Disclaimer: I have fairly straightforward/brute-force ways of solving my questions; the goal of the question is to learn better approaches and libraries that assist with these calculations.
I have a fairly sizeable csv (100k+ lines) with people, location, time data, and money spent, amongst other things. Say, something like:
thomas, park, noon, 0
jim, pool, afternoon, 5
sandy, school, noon, 0
alex, mall, night, 20
As I approach this corpus of data a few things of interest I'd like to discover, and the ways I'd go about doing them. Currently I implement things with a blend of R and Python (and RPy2).
- Most active people? Most visited places? Most busy time? Easy tally of occurrences that I tally via a for loop.

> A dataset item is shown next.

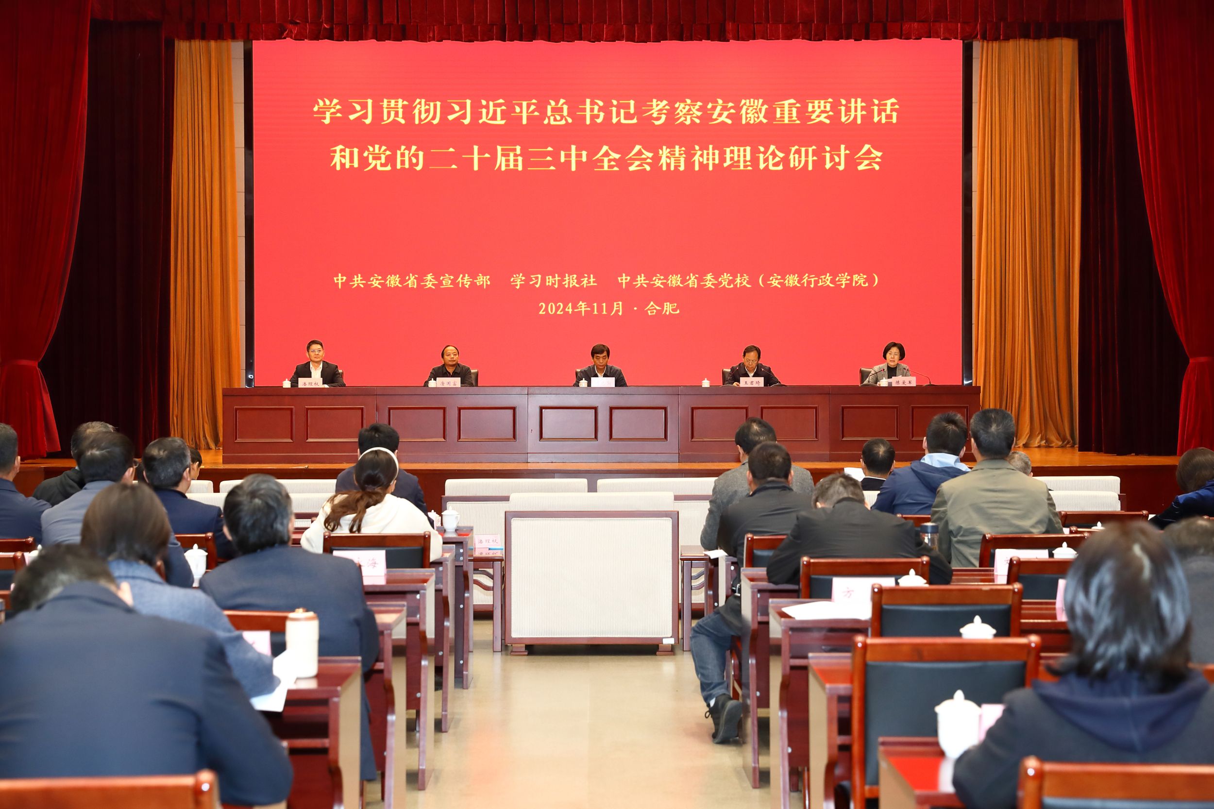 11月21日,学习贯彻习近平总书记考察安徽重要讲话和党的二十届三中全会精神理论研讨会在安徽省委党校举行,公司科研处处长徐彬、英国上市公司365经理郭泽强、马克思主义公司副经理汪盛玉受邀与来自省内外理论社科界的约140位专家学者共同参加会议。会议由中共安徽省委党校(安徽行政公司)副校(院)长潘理权教授主持。

Similarity -- people who visit X also visit Y -- given a subset of people who visit a park, what are the other locations they visit? Can be applied to the other dimensions as well. Currently I implement this by iterating through the subset and tally things up. What's better?
slight digression for 3-4; found libraries but would love to hear better approaches/libraries
- Visualization via network graphs to see clusters/concentrations -- each person is defined as a vertex and the shared location is defined as a colored edge. Preprocessing of the data is kinda a pain due to my data format; I can also "cheat" by having edges be both people and locations+time since that's involves less preprocessing. Currently using weighted graph in R (igraph library).
- Cluster analysis to see if data falls into certain bins; right now I'm just using k-means clustering.
So to reiterate, given the nature of my inquiries, what would be good libraries that have prebuilt and optimized functions to answer some of my questions? It just seems that using a bunch of for loops is a really inefficient and inelegant way to gather insight.